A Polícia Militar (PM) afirmou à reportagem de O TEMPO que não registrou nenhuma ocorrência, relacionado ao fato. Um processo será aberto pelo Empresa de Transportes e Trânsito de Belo Horizonte (BHTrans) para levantar detalhes do ocorrido e a empresa de ônibus pode ser punida, caso seja confirmado que ela deixou de prestar o serviço contratado, como realizar o número de viagens acordadas.

Caso não é novidade

Esta não é a primeira vez, na capital, que um motorista deixa o ônibus no meio do seu trajeto. Em 2014, o motorista da linha 61 (estação Venda Nova/centro) parou o veículo em um ponto da avenida Santos Dumont, anunciou que iria lanchar e não voltou. 

O Sindicato das Empresas de Transporte de Passageiros de Belo Horizonte (Setra/BH) informou à reportagem que não há um levantamento de casos de abandono de ônibus por motoristas, em Belo Horizonte. O Setra-BH acompanha as apurações do caso.

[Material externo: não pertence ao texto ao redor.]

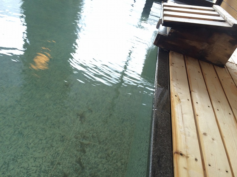 湯口から出るお湯は源泉そのままということです。ぬるめの側で湯口近くにずっと入っていましたが、底には茶色い湯花がたくさん沈んでおり、温泉らしい雰囲気を感じました。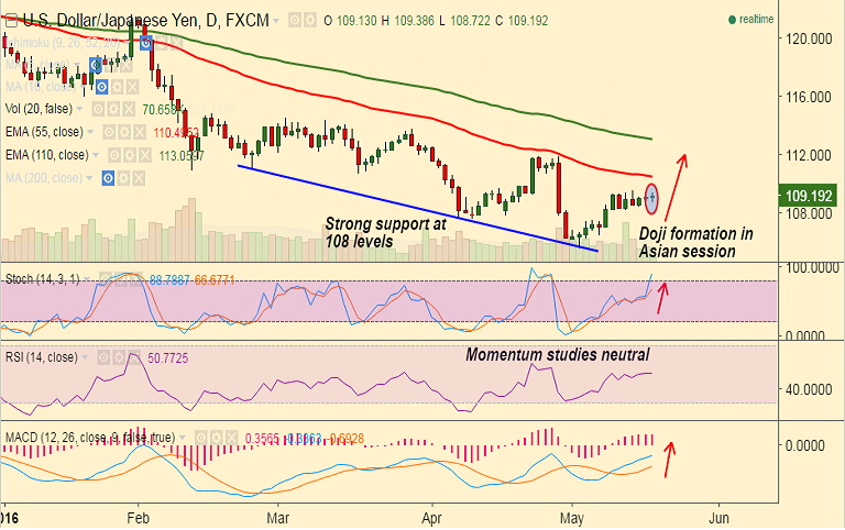 - Technically, on the daily charts, we have see a Doji formation in the Asian session. The pair is seen supported above 10-DMA at 108.52.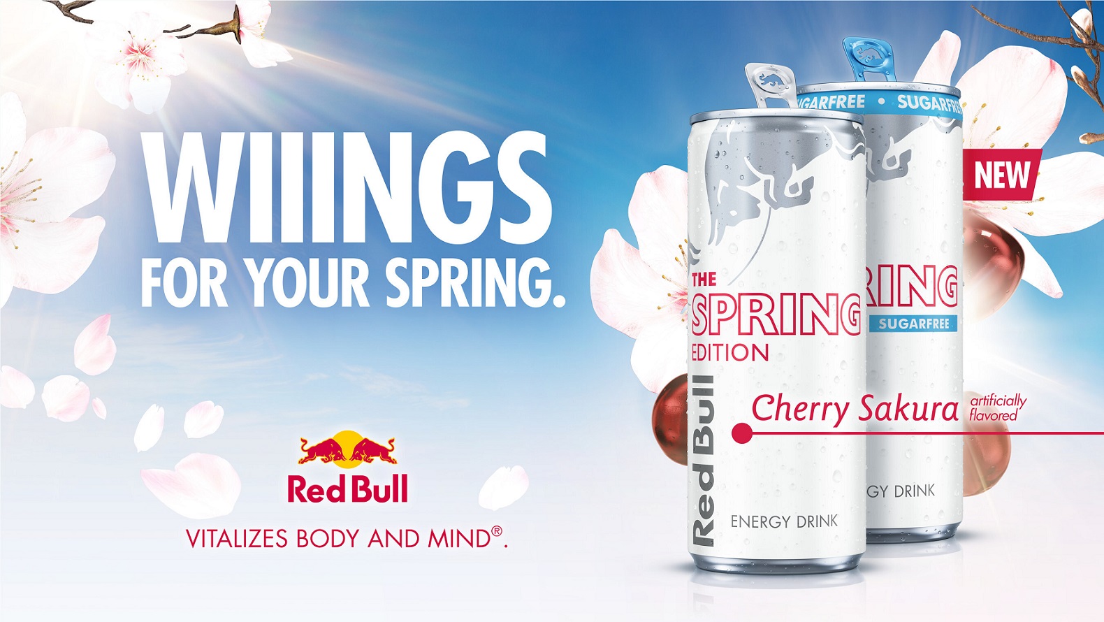 Packaged in white-colored 8.4 fl oz and 12 fl oz individual cans with accents of cherry-red lettering, Red Bull Spring Edition Cherry Sakura contains the same functional ingredients as Red Bull Energy Drink, but with a new, unique taste. It will be sold at retailers nationwide while supplies last.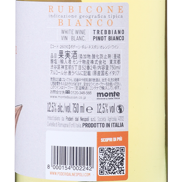 「テロワールそのものの再現」を目的とした、ポデーリ・ダル・ネスポリ社によるナチュラル・ワイン造り。白ブドウを果皮ごと醸す赤ワインと同じ醸造工程で造られるオレンジワインは、同社が丁寧に育て上げたロマーニャ産のブドウの旨味を余すところなく感じられる逸品です。ブドウを除梗・破砕後、直ちに約10℃の低温に保たれたステンレスタンクでマセラシオン。その後15~18℃で発酵させ、再びステンレスタンクに戻し、発酵が終わったら圧搾するという、赤ワインと同じ製法で醸造されます。その後、3~6ヶ月ほどシュールリーで熟成します。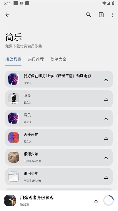 1、简乐支持创建和管理歌单,整理喜欢的歌曲至不同歌单,方便收藏和随时播放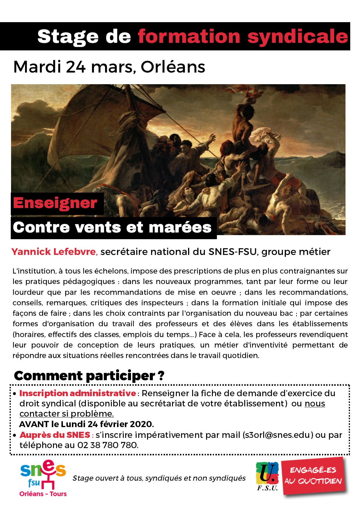 La section académique du SNES-FSU Orléans-Tours a le plaisir de vous convier à un stage de formation syndicale : Enseigner contre vents et marées, le 24 mars, à Orléans (accueil à partir de 9h au 29 boulevard Rocheplatte, Orléans).

O Sindicato dos Trabalhadores do Transporte Rodoviário de Belo Horizonte (STTRBH) informou que casos como esse estão ligados às estressantes jornadas de trabalho dos motoristas. “30% dos profissionais tem problemas de saúde, a maioria emocional”, afirmou José Márcio Ferreira, diretor de comunicação do STTRBH. 

Morte invisível

Entre junho e agosto, o jornal O TEMPO acompanhou de perto a rotina de motoristas de ônibus, trocadores, caminhoneiros e taxistas e radiografou um quadro crescente de adoecimento e afastamento do trabalho causado por longas jornadas, clima hostil, ambiente estressante e estrutura precária.

Nos dias ao lado desses profissionais e em conversas com especialistas, a reportagem catalogou mais de 30 doenças desenvolvidas ou agravadas relacionadas aos trabalhadores do transporte no país. Desde conjuntivites provocadas por excesso de poluição no trânsito até casos complexos de embolia arterial em razão da postura e do sedentarismo, passando por todo tipo de transtorno psicológico, a saúde de quem vive ao volante pede socorro.

Em Belo Horizonte, por exemplo, um em cada três condutores e cobradores de lotação (35%), em um período de 12 meses, se licencia por problemas de saúde decorrentes da atividade profissional, de acordo com estimativas do sindicato dos rodoviários e de levantamento da Universidade Federal de Minas Gerais (UFMG), realizado em 2013. Essa espécie de epidemia invisível se esconde em meio a um cotidiano de muita fumaça, quadro de horários rígido, assaltos, buzinas, reclamações e empurra-empurra.